What did Inez Semmelweis discover?
James Williams
Updated on March 24, 2026
puerperal fever
Semmelweis discovered that the incidence of puerperal fever could be drastically cut by the use of hand disinfection in obstetrical clinics. He is also described as the “savior of mothers” and “father of infection control”.
Where did Ignaz Semmelweis make his discovery?
Ignaz Semmelweis, in full Ignaz Philipp Semmelweis or Hungarian Ignác Fülöp Semmelweis, (born July 1, 1818, Buda, Hungary, Austrian Empire [now Budapest, Hungary]—died August 13, 1865, Vienna, Austria), Hungarian physician who discovered the cause of puerperal (childbed) fever and introduced antisepsis into medical …
What was Semmelweis role in the hospital?
Ignaz Semmelweis was a Hungarian obstetrician who disproved the belief that post-operations deaths were caused by ‘poison air’ in a hospital ward. The work done by Semmelweis all but removed puerperal fever from the maternity units he worked in.
What did Dr Ignaz Semmelweis find while investigating the cause of childbed fever?
Semmelweis determined that puerperal fever is contagious and argued that the unhygienic practices of physicians, like examining patients after performing autopsies, caused the spread of puerperal fever.
Why do doctors wash their hands?
Ensuring doctors, nurses and other staff have clean hands is critical to prevent the spread of illness. The Joint Commission, a health care accreditation organization, says direct observation of staff hand hygiene is the most effective and accurate way to measure hand hygiene compliance.

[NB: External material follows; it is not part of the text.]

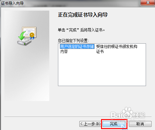 转入"正在完当作证书导入标的目的导"界面点击"完当作"

Why was Semmelweis rejected?
Although hugely successful; Semmelweis’ discovery directly confronted with the beliefs of science and medicine in his time. His colleagues and other medical professionals refused to accept his findings mainly because they did not find it convincing that they could be responsible for spreading infections.
What problem did Ignaz Semmelweis want to solve?
Semmelweis wanted to figure out why so many women in maternity wards were dying from puerperal fever — commonly known as childbed fever. He studied two maternity wards in the hospital.
When did humans start washing hands?
Surgeons began regularly scrubbing up in the 1870s, but the importance of everyday handwashing did not become universal until more than a century later. It wasn’t until the 1980s that hand hygiene was officially incorporated into American health care with the first national hand hygiene guidelines.
Why was Ignaz Semmelweis rejected?
Why were Ignaz Semmelweis ideas not accepted?
Semmelweis correctly concluded that infection of childbed fever was carried by doctors themselves from morgue (where doctors examined cadavers of patients who died earlier after child birth) to maternity unit. Doctors somehow could not accept the fact that they themselves were responsible for death of their patients.
What did Ignaz Semmelweis do for a living?
On July 1, 1818, Hungarian physician of German extraction Ignaz Semmelweis was born. He is best known for his discovery of the cause of puerperal (“child bed”) fever and introduced antisepsis into medical practice by insisting on health workers rigorously handwashing between patients, and clean bed sheets.
When did Ignaz Semmelweis leave Vienna General Hospital?
Becoming more shrill and angry at each detractor’s critique, Semmelweis lost his clinical appointment at the Vienna General Hospital and in 1850 abruptly left for his native Budapest without even telling his closest colleagues.
What did Ignaz Semmelweis discover about cholera?
Unfortunately, as in the case of his contemporary John Snow, who discovered that cholera was transmitted by water and not miasma, Semmelweis’ work was not readily accepted by all. The obstetrical chief, perhaps feeling upstaged by the discovery, refused to reappoint Semmelweis to the obstetrics clinic.
How did Ignaz Semmelweis find out about puerperal fever?
Semmelweis cracked the puerperal fever mystery after the death of his friend and colleague, pathologist Jakob Kolletschka. Kolletschka died after receiving a scalpel wound while performing an autopsy on a woman who’d died of puerperal fever.